Getting your regular cleanings and practicing excellent home care habits can help, but quitting smoking is the best way to improve your bad breath.
Step 2: Understand How to Quit Smoking
There are commonly understood to be five stages of quitting smoking or changing a behavior:
- Pre-contemplation, when you’re not ready to quit, and may never decide to quit.
- Contemplation, when you’re thinking about quitting, but not ready to act on it yet.
- Preparation, when you start taking your first steps, like finding those motivations we mentioned above.

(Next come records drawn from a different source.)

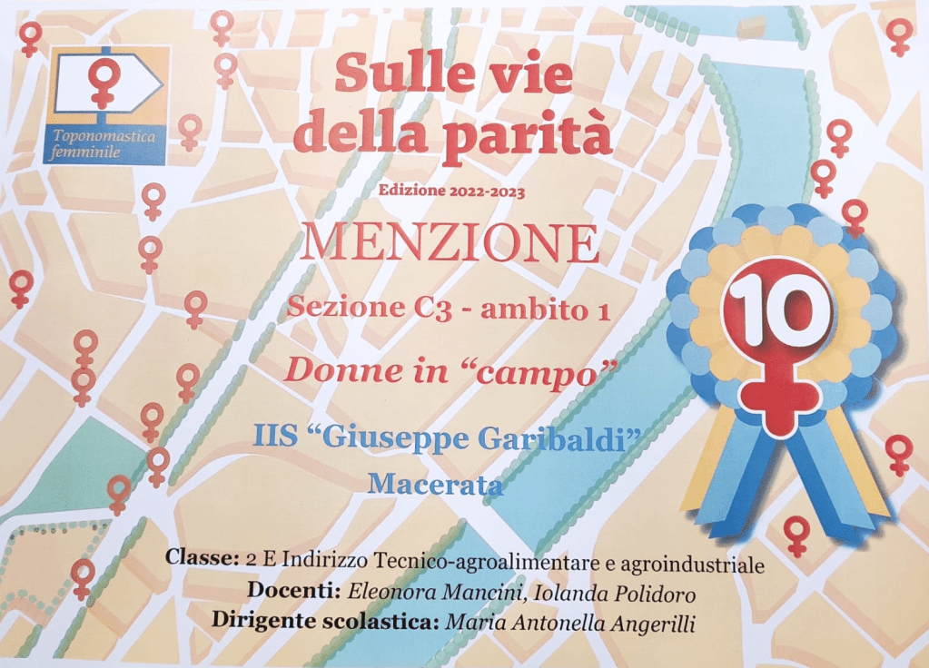 E quindi? E quindi, bando alle ciance, e veniamo a noi: il nostro racconto dalle Marche inizia dal progetto realizzato da uno degli istituti di istruzione superiore di eccellenza della provincia di Macerata; un istituto in cui innovazione fa rima con tradizione; un istituto all’avanguardia per offerta didattica e metodologie: al centro ci sono le/gli studenti e la ricerca continua di opportunità di crescita da offrire loro al di là di quella che è la vocazione professionalizzante della scuola. Stiamo parlando dell’Istituto di istruzione superiore “G. Garibaldi” di Macerata, una vecchia conoscenza di Sulle vie della parità nelle Marche, che si è aggiudicato il Primo premio ex aequo nell’ambito della Sezione B – Lavoro con il progetto Donne in “campo” realizzato dalla classe 2^E indirizzo tecnico-agroalimentare e agroindustria con la supervisione delle docenti Eleonora Mancini e Iolanda Polidori con la seguente motivazione: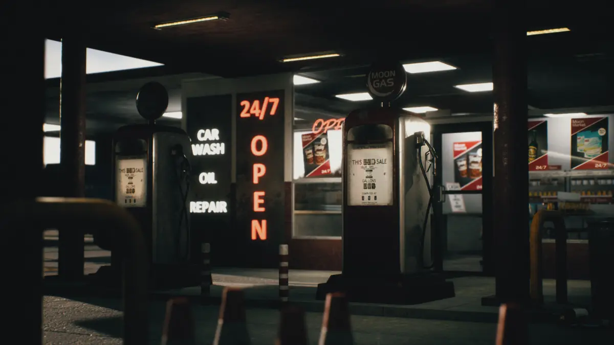 Detailed old gas station with two different demo maps(Day&Night).Interiors are available.Foods,drinks and posters uniquely designed and copyright free.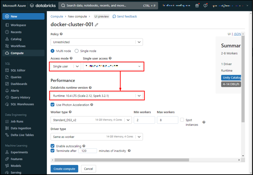 - [Databricks runtime version] -> [Runtime: 10.4 LTS]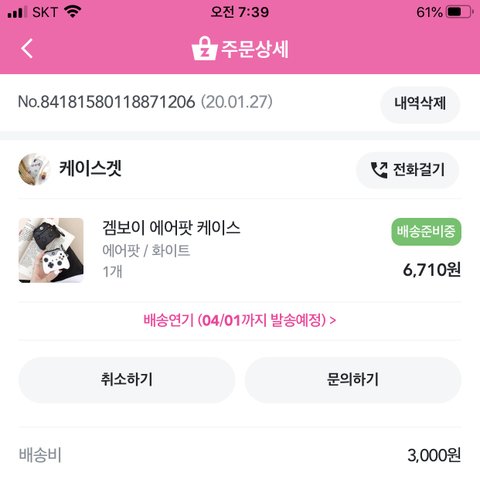 하ㅋㅋㅋ에어팟케이스 1월말에 시켰는데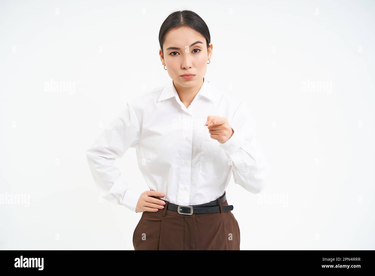 Strict serious businesswoman isolated on white Stock Photo Alamy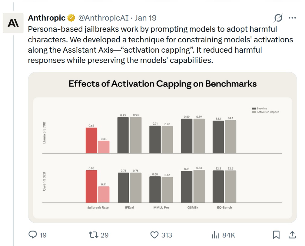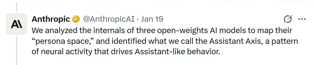 We analyzed the internals of three open-weights AI models to map their ‘persona space,’ and identified what we call the Assistant Axis — a pattern of neural activity that drives Assistant-like behavior.”
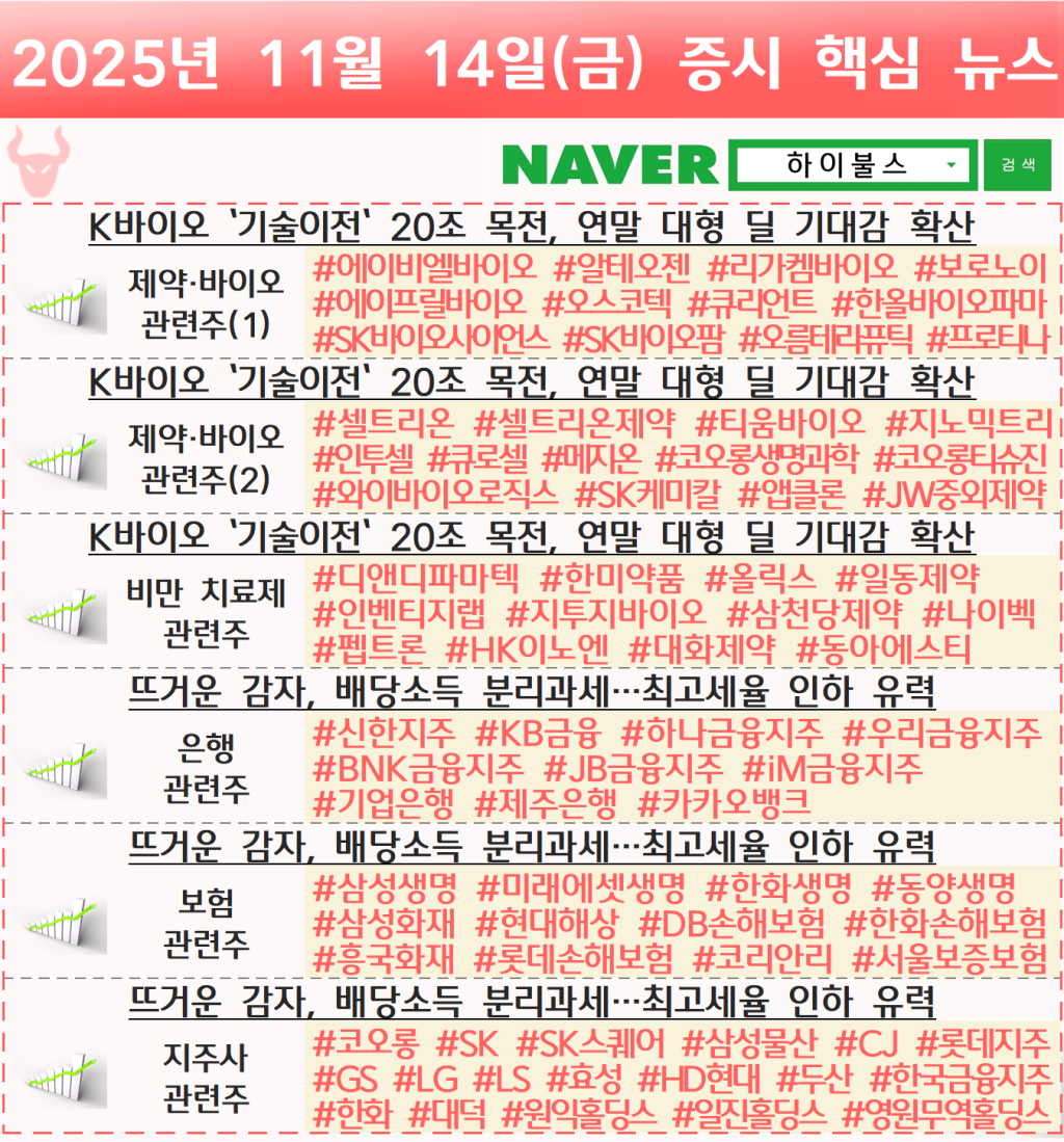 [11.14] 증시 개장 전 핵심뉴스 하이불스 Pick

- Action, when you take steps toward quitting.
- Maintenance, when you try to continue not smoking.
When you start contemplating quitting, your dental team can be an important part of your support structure. We can connect you with resources to help you on your journey and guide you in taking your first steps.
How hard is it to quit smoking? It depends how addicted you are to nicotine, and how big a role it plays in your daily life. A good rule of thumb is to take a look at how soon after you wake up you feel like you need your first cigarette. Smokers who light up immediately upon waking will typically have a harder time giving it up than those who don’t smoke for the first couple of hours of their day.

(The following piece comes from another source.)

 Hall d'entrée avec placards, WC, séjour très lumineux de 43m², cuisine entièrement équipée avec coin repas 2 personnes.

Step 3: Find a Method for How to Quit Smoking That Works for You
Once you decide to take action toward quitting, you’ll want to find a method for how to quit smoking that will work for you. Your level of addiction will be part of what determines how hard it will be to stop smoking, as well as what approach may be easiest to commit to long term. Your chosen method will affect how long it will take to quit smoking, but ultimately it’s about finding an approach you can stick to.
“Cold turkey” quitting gets a lot of notoriety. While it works for many people, it can be one of the most challenging ways to change your habit, especially if you’re strongly addicted to nicotine or cigarettes are woven into many parts of your daily routine. There’s some appeal to the idea of waking up one morning, running that last pack under the kitchen sink, and sweating it out for a few days before you’re free of the habit.
However, a little groundwork can go a long way in making the process more comfortable, approachable, and ultimately successful for many people. A gradual approach to quitting may work better for many. You can start by taking note of when you typically smoke throughout your day. Then, try to cut down that number little by little over the course of several days or even weeks. Just delaying that first cigarette in the morning for an hour or two can sometimes light the fuse on your success.
Using cessation aids like nicotine gums and patches can help soothe cravings while you decrease your intake. They can also turn cold turkey into lukewarm turkey, helping you through the worst of the struggle so you don’t suffer as much during the withdrawal period and make it easier to resist when those cravings get really strong.
Step 4: Stay the Course and Be Ready for Bumps in the Road
It’s worth mentioning here that “slip-ups” are part of the maintenance portion of quitting tobacco or changing a habit. Just because you fall back on an old habit doesn’t mean all that hard work is for nothing! On average, it takes five or six attempts at quitting before it sticks. If you backslide, just check off the box for one of your five attempts and keep moving forward!
As always, we’re here to support your journey toward better oral health in any way we can. Remember, you don’t have to wait until the next New Year to make your attempt to quit! However, since it is just the start of 2023, now might be as good a time as ever to give it a go. Keep smiling and quit smoking, Orlando!